Но встретиться с Бендером не удалось. Чарли даже был лишен удовольствия увидеть, как зайдется в истерическом плаче клерк или как в ужасе шарахнется надутая от важности супружеская пара. Увы. Потому что в ту же самую секунду его будто зажало в тиски – это носильщик, явно в прошлом борец, применив двойной нельсон, скрутил возмутителя спокойствия, с помощью швейцара проволок по вестибюлю и без всяких церемоний вышвырнул на улицу, чуть ли не под копыта лошадей. Эти двое, носильщик и швейцар, молча стояли над Чарли, скрестив руки, и ждали, когда он попробует встать и вернуться назад в отель – вот тогда бы они оттащили его в соседний переулок и отделали как следует. Оссининг лежал, съежившись, в шее пульсировала острая боль, он чувствовал себя ужасно слабым. Швейцар постоял немного, потом шагнул вперед и неторопливо, почти задумчиво ударил лежащего пару раз ногой под ребра.
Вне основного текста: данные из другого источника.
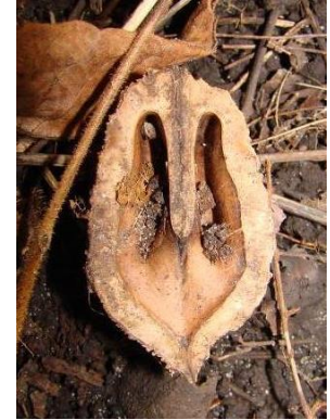
Coque de noix ouverte (sans l'écale)

Le noyer noir, un proche parent qui n'est pas une espèce en péril, produit des noix rondes comme des balles de tennis. Ses feuilles ressemblent beaucoup à celles du noyer cendré, mais la foliole au sommet de chaque feuille est souvent beaucoup plus petite que les autres folioles, voire absente. On peut aussi le confondre avec le frêne au premier coup d'œil, car leurs feuilles se ressemblent beaucoup; les feuilles et rameaux du frêne poussent toutefois en paires opposées plutôt qu'en alternance.

Чарли хотелось только одного: чтобы его оставили тут, посреди улицы; унижение было во сто крат сильнее любой боли, какую они могли ему причинить. Но прохожие смотрели во все глаза, и Оссининг понимал, что в любой момент может появиться полиция, которая, конечно же, преисполнится безграничного почтения и сочувствия к главному президенту «Иде-пи инкорпорейтед», когда увидит его разорванные брюки и измазанное конским навозом пальто. Поэтому Чарли шумно втянул в себя воздух, поднялся, словно ничего такого не случилось – надо же, он, кажется, поскользнулся? – нахлобучил шляпу и захромал по улице, стараясь сохранять достоинство, насколько это было возможно в его положении.
Но внутри у него все кипело. Им владело единственное чувство – жажда мести. Встретить бы эту подлую обезьяну носильщика в темном переулке одного; или узнать адрес швейцара с деревянной рожей – ворваться к нему, когда он жрет свой суп, и хорошенько начистить физиономию в его же собственной кухне. Да, именно так надо сделать, это будет поступок настоящего мужчины. И еще Бендер. Будь он проклят. Будь проклят тот день, когда судьба свела Оссининга с этим чертовым сукиным сыном. На куски его разорвать, пусть только этот ублюдок попадется ему в руки. Чарли брел, не разбирая дороги, что-то бормотал себе под нос – его не заботило, куда он идет, он петлял по улицам, а ярость постепенно стихала. И уступала место отчаянию. «Иде-пи». Чушь собачья. Бендер – самый обыкновенный мошенник, наплел с три короба, Чарли и клюнул. А миссис Хукстраттен? Господи, что же он скажет миссис Хукстраттен?
Когда он наконец обрел способность воспринимать действительность, то обнаружил, что пришел к подножию главного городского столпа, на котором держатся слава и преуспеяние Бэттл-Крик, – Санатория. Оссининг стоял напротив него, вокруг кипела суетливая жизнь делового квартала. Непоколебимая величественность здания потрясла его. Так вот где элеоноры лайтбоди со всего света лечат свои нервы и учащенное сердцебиение; вот где родились хлопья, на которых составили себе состояние тысячи спекулянтов. Местечко было крутое – Элеонора права, вынужден был признать Чарли: «Таверна Поста» ему в подметки не годилась.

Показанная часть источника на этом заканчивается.